We're in a situation where popular distros ship 32-bit as the default
"use this if you're not sure what to get" option, with PAE also enabled
by default. most modern computers shipping with more than 16G of RAM,
especially for gaming. Looking at the Steam HW survey data we have
hundreds of users using this combination; this commit means that
installing package updates that pull in a new kernel will immediately
cause their system to become unusable.

Other than this particular concern, what's the high-level take-away? Is
PAE support in the Linux kernel a false promise than distros should not
be shipping by default, if at all? Should it be removed from the kernel
entirely if these configurations are knowingly broken by commits like this?

Thanks,
- Pierre-Loup

2013-04-30 00:48:41

by Rik van Riel

[permalink] [raw]
Subject: Re: IO regression after ab8fabd46f on x86 kernels with high memory

On 04/29/2013 06:03 PM, Linus Torvalds wrote:

> Seriously, you can compile yourself a 64-bit kernel and continue to
> use your 32-bit user-land. And you can complain to whatever distro you
> used that it didn't do that in the first place. But we're not going to
> bother with trying to tune PAE for some particular load. It's just not
> worth it to anybody.

I can think of one way to "tune PAE" that will help
avoid the breakage, and at the same time draw the
attention of users.

Limit the memory that a 32 bit PAE kernel uses, to
something small enough where the user will not
encounter random breakage. Maybe 8 or 12GB?

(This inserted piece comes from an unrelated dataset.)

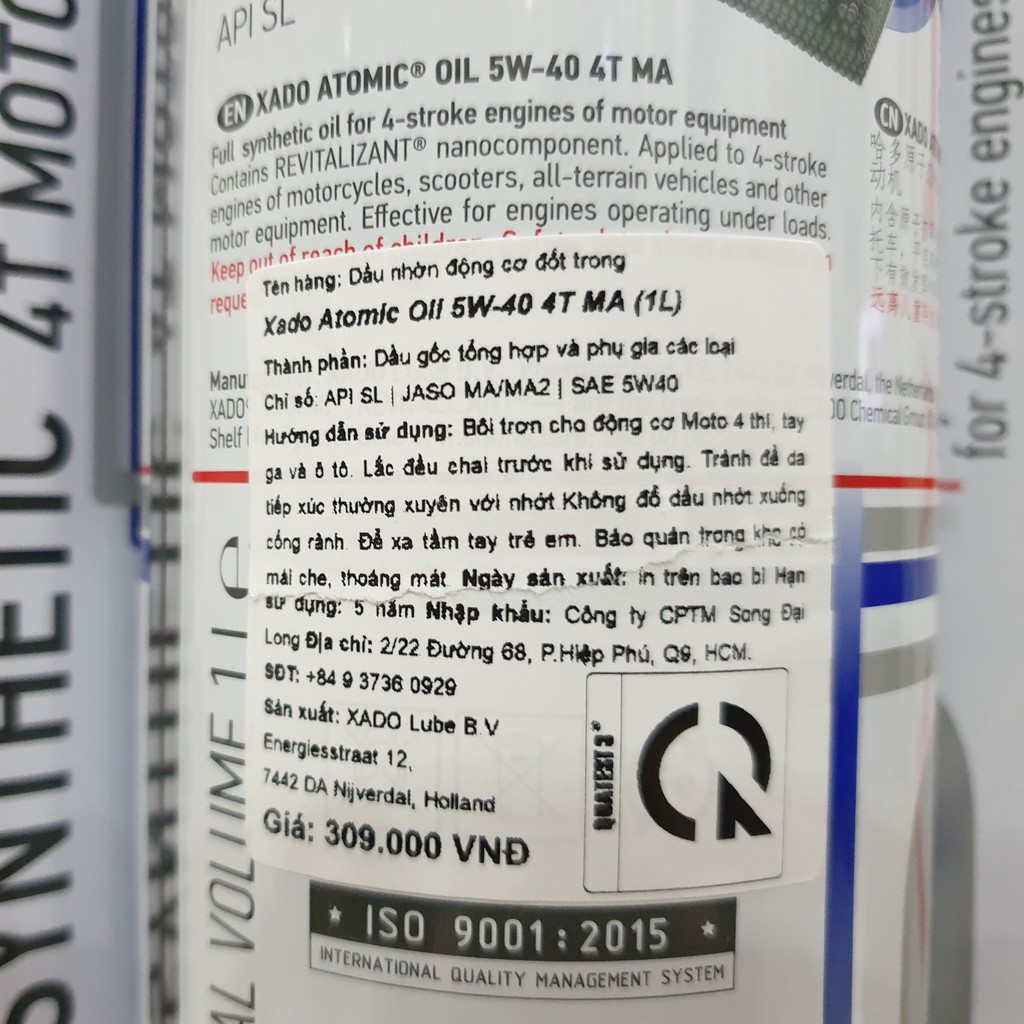 XADO Atomic Oil 5W-40 4Т MA Super Synthetic is dầu nhớt tổng hợp hoàn toàn thế hệ mới nhất với cấp nhớt SAE 5W-40 dành cho động cơ xe 4 th. Đáp ứng được những yêu cầu cao nhất dành cho dầu động cơ xe máy (JASO MA).Dầu gốc cho XADO Atomic 5W-40 4T MA được sản xuất trên cơ sở các loại dầu gốc tổng hợp phức tạp từ dầu North Sea và các phụ trợ đặc biệt

It could also print out a friendly message, to
inform the user they should upgrade to a 64 bit
kernel to enjoy the use of all of their memory.

It is a bit of a heavy stick, but I suspect that
it would clue in all of the affected users.

If you have no objection to this, I'll whip up a
patch.

2013-04-30 01:29:40

by Pierre-Loup A. Griffais

[permalink] [raw]
Subject: Re: IO regression after ab8fabd46f on x86 kernels with high memory

On 04/29/2013 05:48 PM, Rik van Riel wrote:
> On 04/29/2013 06:03 PM, Linus Torvalds wrote:
>
>> Seriously, you can compile yourself a 64-bit kernel and continue to
>> use your 32-bit user-land. And you can complain to whatever distro you
>> used that it didn't do that in the first place. But we're not going to
>> bother with trying to tune PAE for some particular load. It's just not
>> worth it to anybody.
>
> I can think of one way to "tune PAE" that will help
> avoid the breakage, and at the same time draw the
> attention of users.
>
> Limit the memory that a 32 bit PAE kernel uses, to
> something small enough where the user will not
> encounter random breakage. Maybe 8 or 12GB?
>
> It could also print out a friendly message, to
> inform the user they should upgrade to a 64 bit
> kernel to enjoy the use of all of their memory.
>
> It is a bit of a heavy stick, but I suspect that
> it would clue in all of the affected users.
>
> If you have no objection to this, I'll whip up a
> patch.
>

That would be pretty useful, especially if I can then convince
distributors to apply it and roll it out ASAP. I haven't personally
observed any problems with mem=15G whereas mem=16G exhibits the IO issue
upfront and more than that exhibits the OOM-killer / low memory
starvation issue that existed before Johannes change.

Thanks,
- Pierre-Loup

2013-05-02 01:34:31

by Steven Rostedt

[permalink] [raw]
Subject: Re: IO regression after ab8fabd46f on x86 kernels with high memory

On Mon, Apr 29, 2013 at 08:48:17PM -0400, Rik van Riel wrote:
>
> It could also print out a friendly message, to
> inform the user they should upgrade to a 64 bit
> kernel to enjoy the use of all of their memory.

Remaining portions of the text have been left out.